Let us look at the difference between Israel entering the land, and the man in Christ. Everything depended upon their act. They must go in and possess the land. True, God brought them in, but they had to act in order to possess, and those who went in without faith did not remain possessors.
Now the believer is united to Christ, and is in full title and ownership of the heavenly places before he enjoys any of it. True, as he accepts in faith the portion which grace has given him, the greater is his sense of possession and consequently of his enjoyment.
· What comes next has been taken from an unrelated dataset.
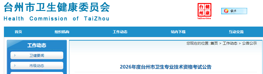 关于做好浙江台州市2026年度卫生专业技术资格考试公告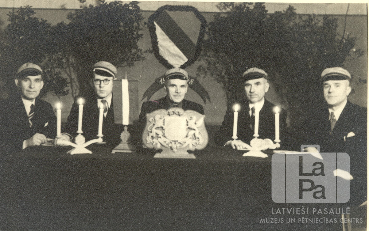 5 korporeļi sēž pie galda, galds apsegts ar tumšu galdautu, galda vidū Latvijas ģēŗbonis, trīs svečturi. Pie sienas fonā ir korporācijas ģērbonis.

In the one case the act was necessary in order to obtain possession; in the other, there was as much title before enjoying the possession, as there was consequent on possession.
If I only possess heaven in proportion to my act of faith, as was the case with Israel respecting Canaan, I have no right to possession but as I secure it; my sense of owning the land is only as I set foot on it. Hence I am necessarily anxious as to my progress; my possession depends on it. But with a believer now, he has full title before he lays hold of any of it, and every apprehension of his portion only stimulates him the more to advance, and to be in association with Him who is there.
It is the vastness of the blessing which he has in association with Christ, which makes him long to apprehend it more, as Paul says, “That I may apprehend that for which I am apprehended of Christ Jesus.” It is the breadth and length, and depth and height, which occupy him who has Christ dwelling in his heart by faith. He does not depend on his own progress for assurance of possession, but he is so assured of the unsearchable riches of Christ, as his portion, that he dwells on it in faith; and thus, as the greatness of his possession is realized, he longs to enter still more into what he is sure is his.
We all know the tendency there is on our hearts, and often in proportion to our earnestness, to be in the line of attainment, instead of being simple recipients; and it is well for us to note the difference in state which the effort to attain produces, from that which grace or the acceptance of gift produces.
One who is in the former is never even; he is elated at any sense of his progress, and depressed if he becomes conscious of his losing ground, though generally he is too well pleased with his own engrossment of desire to advance, and obtain more. In the other, in proportion as the grace is simply held, there is great balance and evenness.
There is ever a sense of being far behind in enjoying the vastness of what has been conferred; and there is the greatest thankfulness for a sight of it, while with each new acquisition, there is the sense that “the draught which lulls our thirsting awakens our thirst anew.” The one is like a man making a fortune; while the other is exploring the vastness of the gift bestowed upon him; one necessarily is occupied with what he is doing; the other is praising the Lord for all that He has shared with him.
Surely the one with boundless resources in Christ, and with any fidelity of heart for Him, must surpass the most devoted heart that does not know its portion in its object. The Queen of Sheba is after all only an enraptured spectator, while the believer is united to Christ and participates with Him in His things: and surely the latter must, because of intuitive or intrinsic grace, surpass the former.